Brief:
From the material below, return exactly the lines starting at the one that holds "2年食品科学科の生徒が前日か" and ending at the one that holds "产品名称:LAP32系列电动推杆". Pictures stay out of the answer.

Data for analysis:

*****

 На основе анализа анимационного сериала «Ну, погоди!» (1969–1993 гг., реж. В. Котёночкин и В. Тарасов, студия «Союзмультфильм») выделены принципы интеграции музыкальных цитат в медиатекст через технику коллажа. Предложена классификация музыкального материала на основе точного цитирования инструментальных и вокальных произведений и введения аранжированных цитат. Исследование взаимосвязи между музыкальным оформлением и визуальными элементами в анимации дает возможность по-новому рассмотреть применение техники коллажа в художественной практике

*****

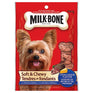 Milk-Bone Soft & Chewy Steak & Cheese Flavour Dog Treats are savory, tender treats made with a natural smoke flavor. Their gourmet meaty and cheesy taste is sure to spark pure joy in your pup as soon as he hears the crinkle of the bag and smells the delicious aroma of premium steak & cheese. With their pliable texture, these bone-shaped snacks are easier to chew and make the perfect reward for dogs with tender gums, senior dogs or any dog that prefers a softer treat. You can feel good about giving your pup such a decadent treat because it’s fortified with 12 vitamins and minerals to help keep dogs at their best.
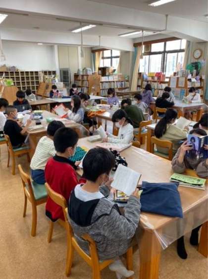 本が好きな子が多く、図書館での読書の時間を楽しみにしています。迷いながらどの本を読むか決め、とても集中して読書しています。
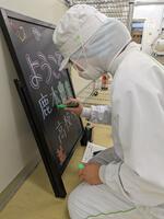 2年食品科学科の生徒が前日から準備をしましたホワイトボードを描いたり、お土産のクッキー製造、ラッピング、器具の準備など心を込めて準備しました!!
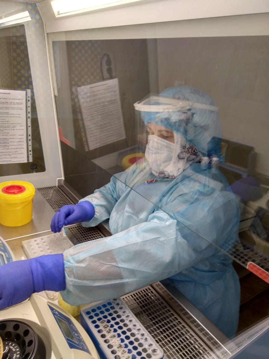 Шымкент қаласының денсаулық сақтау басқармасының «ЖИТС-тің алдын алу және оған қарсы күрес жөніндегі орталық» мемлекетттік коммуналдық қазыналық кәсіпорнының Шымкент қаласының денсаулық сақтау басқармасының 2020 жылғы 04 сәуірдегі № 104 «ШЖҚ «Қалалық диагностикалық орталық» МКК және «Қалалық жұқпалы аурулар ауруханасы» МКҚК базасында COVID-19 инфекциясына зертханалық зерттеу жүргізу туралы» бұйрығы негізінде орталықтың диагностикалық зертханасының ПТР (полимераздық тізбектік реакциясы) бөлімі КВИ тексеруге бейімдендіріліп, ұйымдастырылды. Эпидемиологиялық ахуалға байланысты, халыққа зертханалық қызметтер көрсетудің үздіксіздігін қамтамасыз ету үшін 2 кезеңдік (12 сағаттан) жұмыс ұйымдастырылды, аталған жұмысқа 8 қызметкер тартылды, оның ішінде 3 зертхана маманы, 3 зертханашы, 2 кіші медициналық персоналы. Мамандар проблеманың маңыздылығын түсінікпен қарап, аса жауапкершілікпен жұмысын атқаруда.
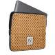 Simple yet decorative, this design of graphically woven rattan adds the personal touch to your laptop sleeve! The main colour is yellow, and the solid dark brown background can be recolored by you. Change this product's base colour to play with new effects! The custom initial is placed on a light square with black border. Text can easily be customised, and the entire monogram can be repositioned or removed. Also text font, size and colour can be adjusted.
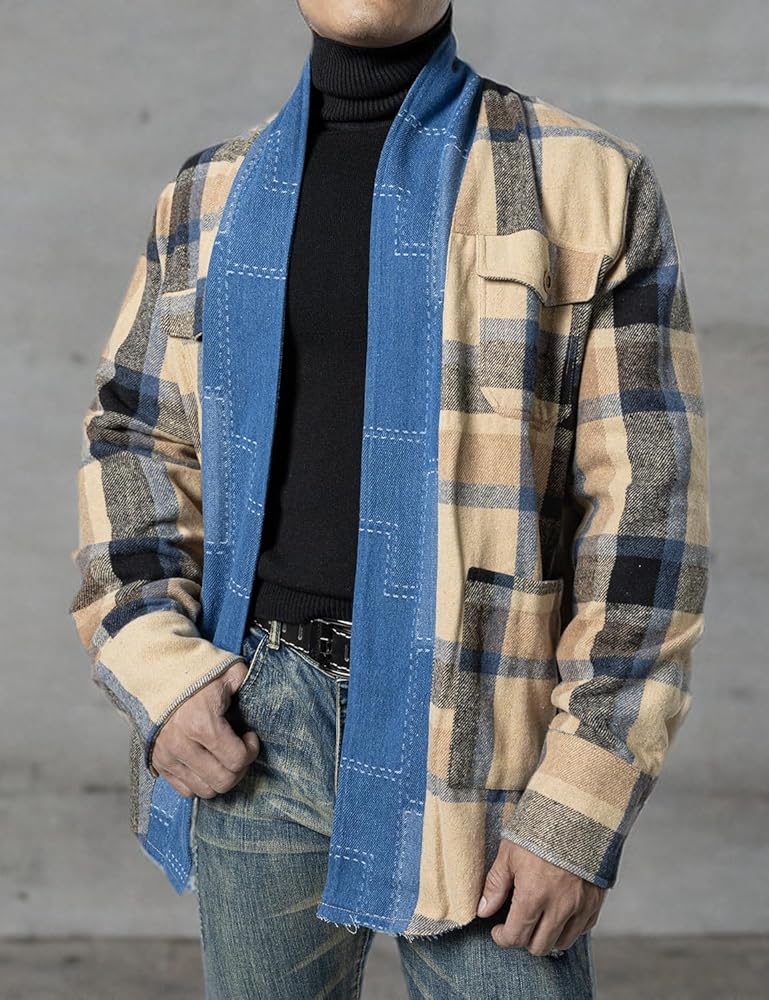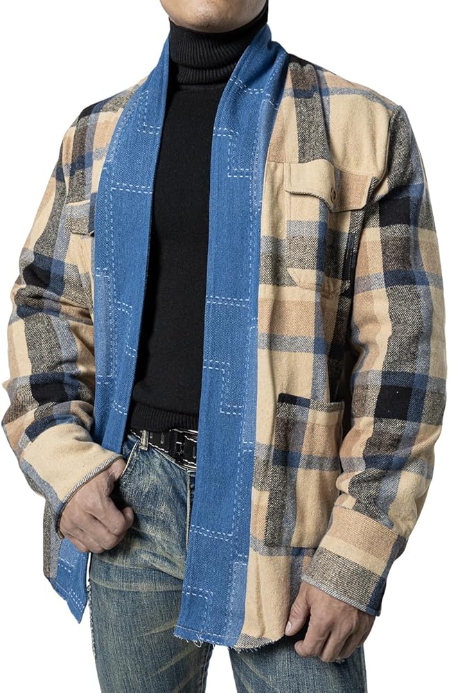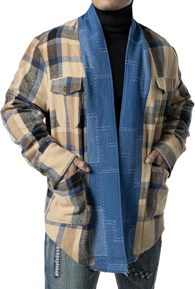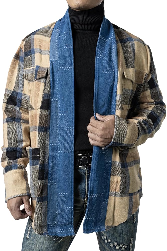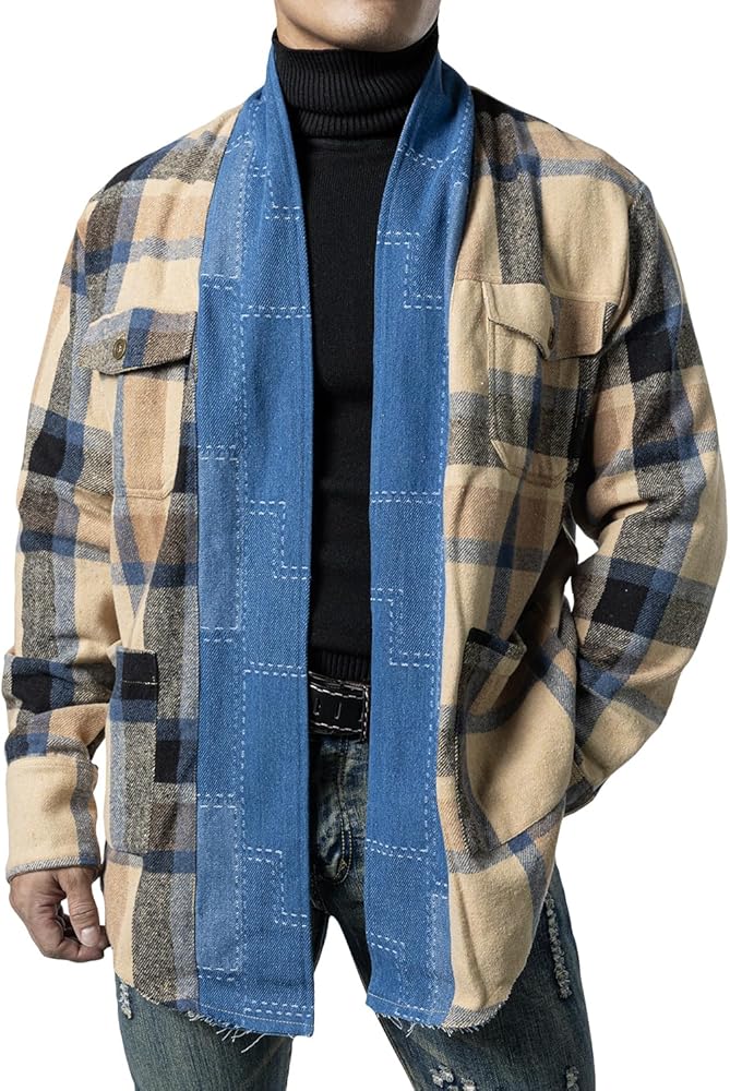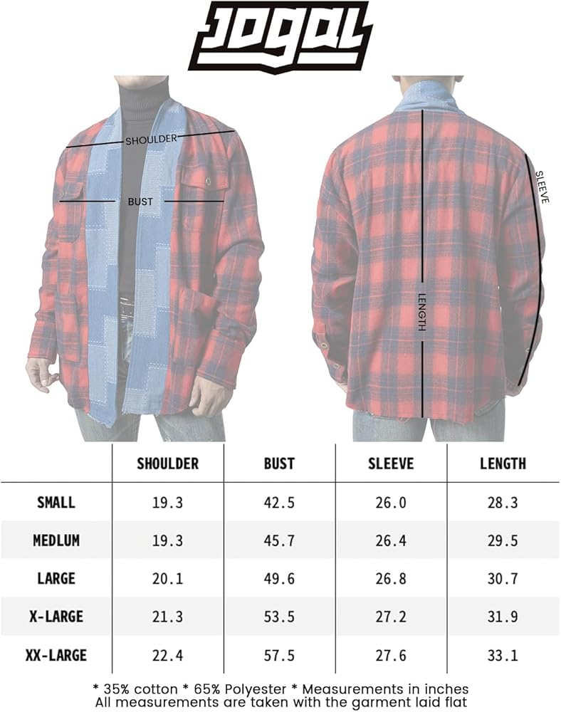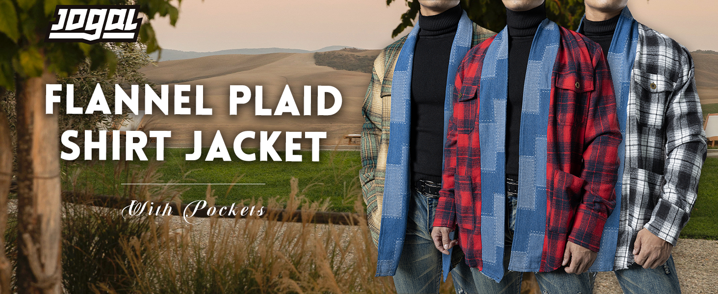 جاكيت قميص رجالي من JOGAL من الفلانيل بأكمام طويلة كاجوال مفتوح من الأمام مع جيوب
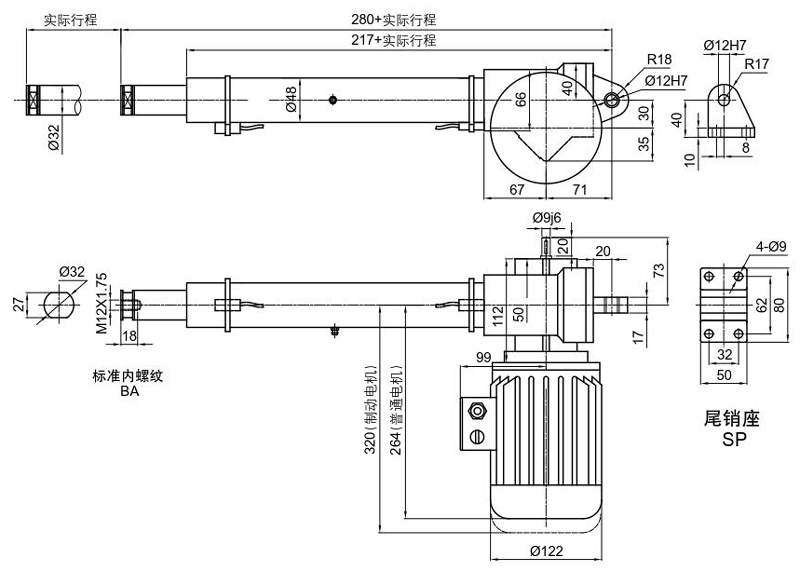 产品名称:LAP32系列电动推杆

*****

Exercise output:
 2年食品科学科の生徒が前日から準備をしましたホワイトボードを描いたり、お土産のクッキー製造、ラッピング、器具の準備など心を込めて準備しました!!
 Шымкент қаласының денсаулық сақтау басқармасының «ЖИТС-тің алдын алу және оған қарсы күрес жөніндегі орталық» мемлекетттік коммуналдық қазыналық кәсіпорнының Шымкент қаласының денсаулық сақтау басқармасының 2020 жылғы 04 сәуірдегі № 104 «ШЖҚ «Қалалық диагностикалық орталық» МКК және «Қалалық жұқпалы аурулар ауруханасы» МКҚК базасында COVID-19 инфекциясына зертханалық зерттеу жүргізу туралы» бұйрығы негізінде орталықтың диагностикалық зертханасының ПТР (полимераздық тізбектік реакциясы) бөлімі КВИ тексеруге бейімдендіріліп, ұйымдастырылды. Эпидемиологиялық ахуалға байланысты, халыққа зертханалық қызметтер көрсетудің үздіксіздігін қамтамасыз ету үшін 2 кезеңдік (12 сағаттан) жұмыс ұйымдастырылды, аталған жұмысқа 8 қызметкер тартылды, оның ішінде 3 зертхана маманы, 3 зертханашы, 2 кіші медициналық персоналы. Мамандар проблеманың маңыздылығын түсінікпен қарап, аса жауапкершілікпен жұмысын атқаруда.
 Simple yet decorative, this design of graphically woven rattan adds the personal touch to your laptop sleeve! The main colour is yellow, and the solid dark brown background can be recolored by you. Change this product's base colour to play with new effects! The custom initial is placed on a light square with black border. Text can easily be customised, and the entire monogram can be repositioned or removed. Also text font, size and colour can be adjusted.
 جاكيت قميص رجالي من JOGAL من الفلانيل بأكمام طويلة كاجوال مفتوح من الأمام مع جيوب
 产品名称:LAP32系列电动推杆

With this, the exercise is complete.